I write and think a lot about the new marketing landscape. The proliferation of smart devices and the Internet are changing the way consumers and brands interact. Creating a differentiating customer experience has always been an aspiration of most marketers; however now it’s becoming a critical success factor.
You are probably familiar with marketing terms like relationship marketing or acronyms like CRM. All imply the ultimate goal of a relationship between the business or brand and the consumer.
If you are in marketing you are always searching for a way to reach your customer. We want to build a relationship with them.
But what if our customers don’t want a “relationship” with us?
Relationship Marketing or Utilitarian Relationship Marketing and UtilityMarketing?
Personally I have often struggled with the tension between wanting to develop a relationship with consumers and yet realizing that many are just not that interested in a relationship.
Then I read Great Marketing is Utilitarian by Mitch Joel. What an epiphany!
Utilitarian marketing requires a laser focus on the consumer. It’s about creating what consumers need, not what they want.
It’s not an easy task. It requires listening, observing, adapting and asking lots of questions.

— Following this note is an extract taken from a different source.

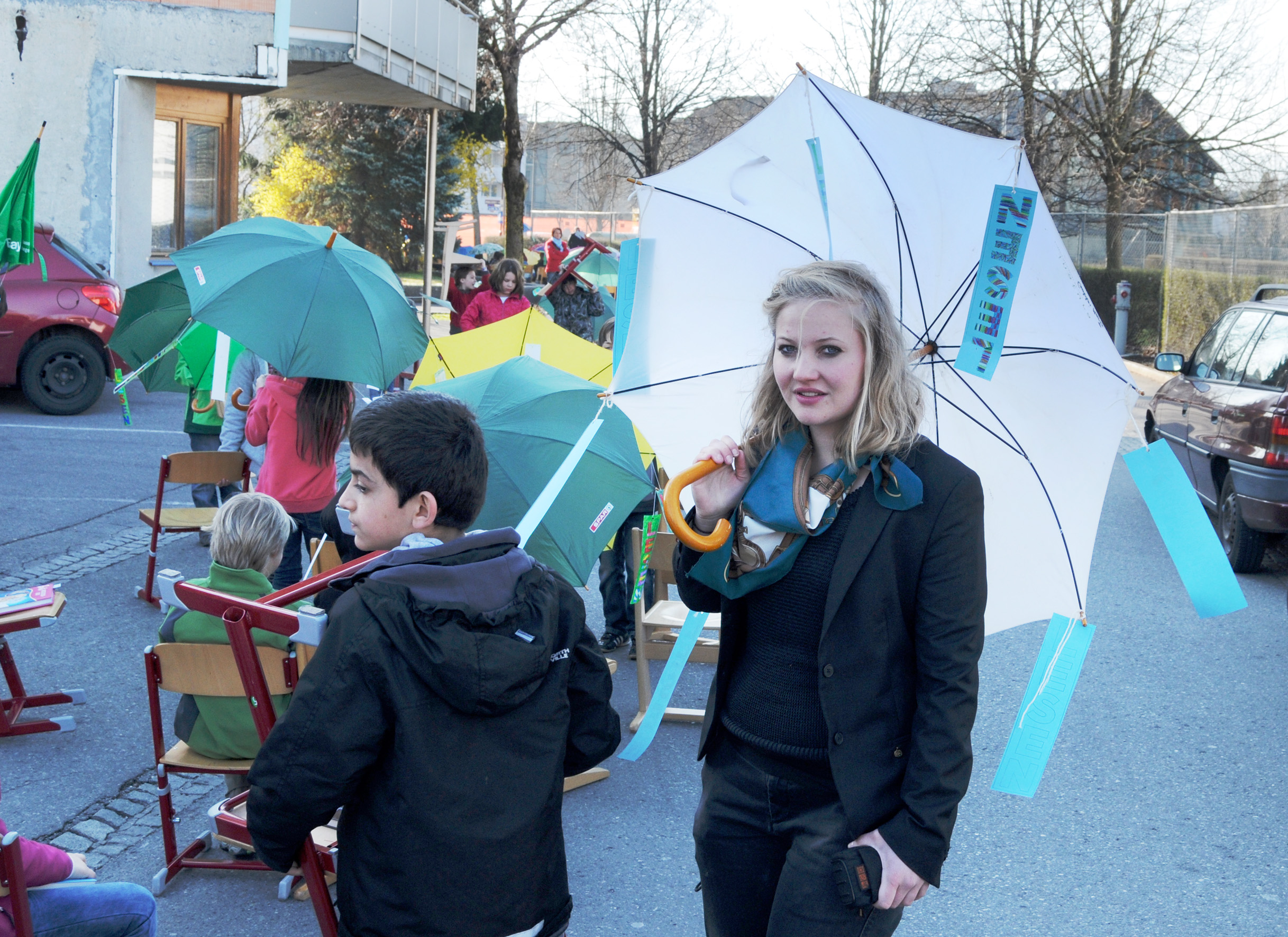Lehrerin Anna Köb samt ,,Lese-Sonnenschirm"

I believe Utilitarian Marketing is a subset of Relationship Marketing…so these two aren’t mutually exclusive, but instead, a good Marketer will identify utility and build relationships based on actual customer needs, building a relationship on solid ground.
Effective Creative Marketing Offers Utility
It’s easy to associate creative marketing with sleek, hip, cool etc you get the idea. But going beneath the surface, in addition to being aesthetically pleasing, effective marketing will also offer consumers a solution.
Many consumer challenges are found in the mundane or routine. Look for simple practical improvements that will make life easier, more convenient for consumers.
There are four types of Utility Marketing. These can be a helpful place to begin; however I am suggesting we add an additional concept to each of these types… the customer’s path to purchase journey.
Creative Marketing Ideas that are Effective
Innovative marketing ideas require a different set of questions. The central focus of the questions should be on the needs of the consumer. Customer Personas will be helpful in crafting the right questions for your target, and the questions should address consumer needs, both known and unknown.
Finding out about those needs that are below the surface requires more thought. Begin by offering solutions that might be helpful to the consumer – e.g. save time, money, convenience. Then proceed to ask questions like: What are the barriers? Challenges? What would make this experience more helpful?
New Marketing Ideas
It is a rare occurrence that a new marketing idea just pops up in thin air! New marketing ideas require curiosity, experimentation and drive. They also require a passion for really knowing your target, which will call for a good deal of listening, observation and conversation. Don’t just assume your customer is static…as new technology and advancement enter on the scene, your customer needs will change, offering new opportunity to meet customer needs. New marketing ideas are always possible, as we humans are ever-evolving and our interests and needs constantly changing.
Unique Marketing Ideas
Unique marketing ideas are often born out of a series of seemingly small adjustments. And quite often they are practical in nature; ever had a “Why didn’t I think of that?” moment?
Marketing ideas will continue to evolve with our changing environment; be aware that triggers for new ideas may come out of simple, everyday insight gleaned, for example, from consumer or vendor feedback. Unique marketing ideas are measurable—through testing, ideas can be adjusted in order to demonstrate value to consumer and profit to company.
In summary, marketers should have a customer focus and be charged with observing, listening and helping, leaning more toward helping a customer with what they need, rather than what they want. The importance of empowering colleagues can’t be overlooked; listening to feedback from front line staff may be the trigger for a unique marketing idea that will “scratch an itch.”
What are some ways you can help your customer?